START RECORDS FOR PROCESSING

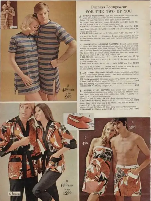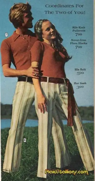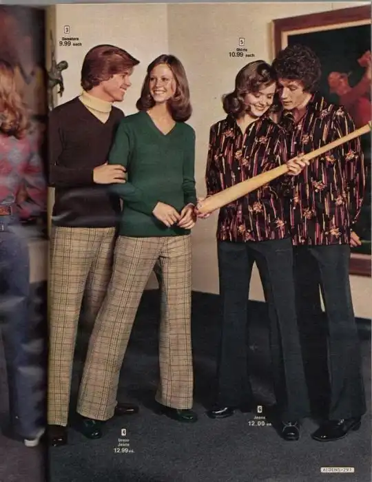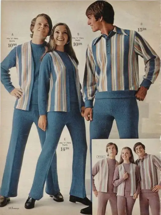 Культура хиппи отразилась на моде 60-х и 70-х годов прошлого столетия. Расклешенные брюки, свободные кофты и необычные цветовые сочетания стали обычным явлением того времени. Cтиль Family look и вовсе предлагал мужчинам и женщинам практически одинаковые наряды. Предлагаем взглянуть на модные журналы тех лет.
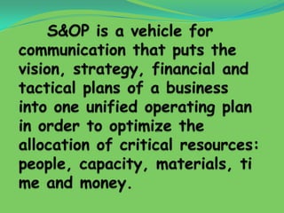 Sales and operations planning (S&OP) is a process that achieves alignment between various functions of an organization including sales, production, inventory and finance. It develops a coordinated operating plan that balances supply and demand at a volume level in support of customer demand and business strategy. The S&OP process results in monthly planning activities based on an annual operations plan and provides benefits such as enhanced teamwork, better decision making and financial planning, and increased accountability.
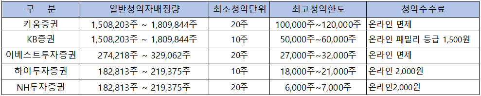 - 청약 가능 증권사 : 키움증권, KB증권, 이베스트투자증권, 하이투자증권, NH투자증권
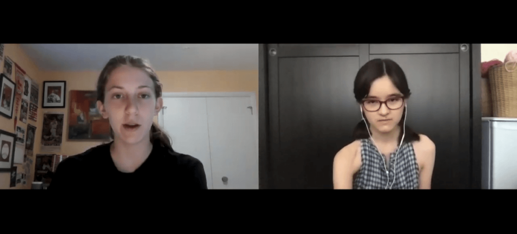 Stone Soup contributor and 20-21 intern Anya Geist, 14, talks with three time winner of the Weekly Flash Contest Enni Harlan, 13, about writing a novel, the research that goes into historical fiction, and the feeling of living in your story.
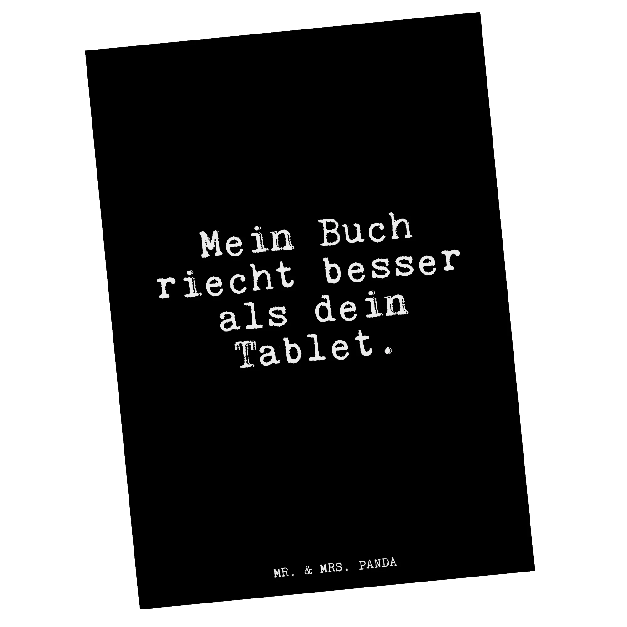 Die perfekte Postkarte für alle Bücherwürmer und Leseratten! Unsere Postkarte mit dem witzigen Spruch "Mein Buch riecht besser als dein Tablet" bringt garantiert ein Lächeln auf die Gesichter von Freunden und Familie.
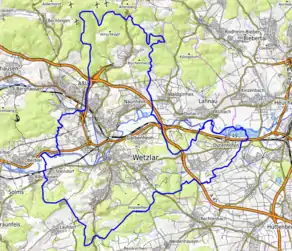 La ville de Wetzlar est divisée en huit quartiers (Ortsteil) et douze circonscriptions (Stadtbezirk):
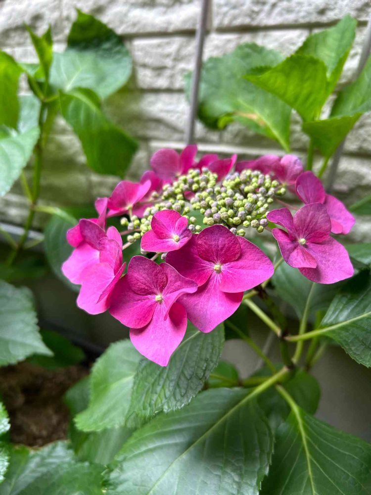 挿し穂から初めて今年咲いたアジサイは明るいカシス色のガクアジサイ 🩷
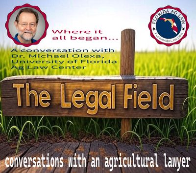 Welcome to the Legal Field Podcast. where we discuss legal and regulatory topics that are of critical importance to the agriculture industry. My name is Amanda Perry Carl, and I am an agricultural lawyer whose family has been farming in Florida since 1823, before Florida even became a state. I have spent almost 20 years as an attorney in the agricultural industry and have made it my mission to ensure that everyone in our incredible industry understands the legal and regulatory issues that we face so that we can keep feeding Florida, America, the world. So if you're a farmer, rancher, or grower, if you're involved in raising cattle, sheep, poultry, goats, hogs, horses, or other livestock, if you grow fruits, vegetables, or sod, if you are involved with the aquaculture, turfgrass, or horticulture industries, if you are fighting the good fight to help our citrus industry survive, or if you just like to eat and you appreciate our ag producers, this podcast is for you. If you are interested in protecting and preserving our agricultural heritage, lands, and way of life, then come join us in the legal field and see what's growing on. Hello and welcome to our first ever episode of the Legal Field Podcast. I am Amanda Perry Carl, and I am the host of the podcast. And today we are so excited that our very first guest of the Legal Field Podcast is a person who was very instrumental in even introducing me to the concept of being an agricultural lawyer and instrumental in the trajectory of my career, Dr. Michael Olexa. Dr. Olexa works at the University of Florida as a professor in both the College of Ag and an undergrad in the College of Ag and Life Sciences. And he also is the director of the UF IFAS Center for Ag and Natural Resources Law. So Dr. Olexa, thank you so much for being here with us today.

END RECORDS FOR PROCESSING

**INSTRUCTIONS FOR THE TASK:**
Restate word for word the lines of the data above that begin at the line with "La ville de" and end at the line with "挿し穂から初めて今年咲いたアジサイは明るいカシス色のガクアジサイ 🩷", keeping both ends and dropping every picture.

**ANSWER FOR THIS EXERCISE:**
 La ville de Wetzlar est divisée en huit quartiers (Ortsteil) et douze circonscriptions (Stadtbezirk):
 挿し穂から初めて今年咲いたアジサイは明るいカシス色のガクアジサイ 🩷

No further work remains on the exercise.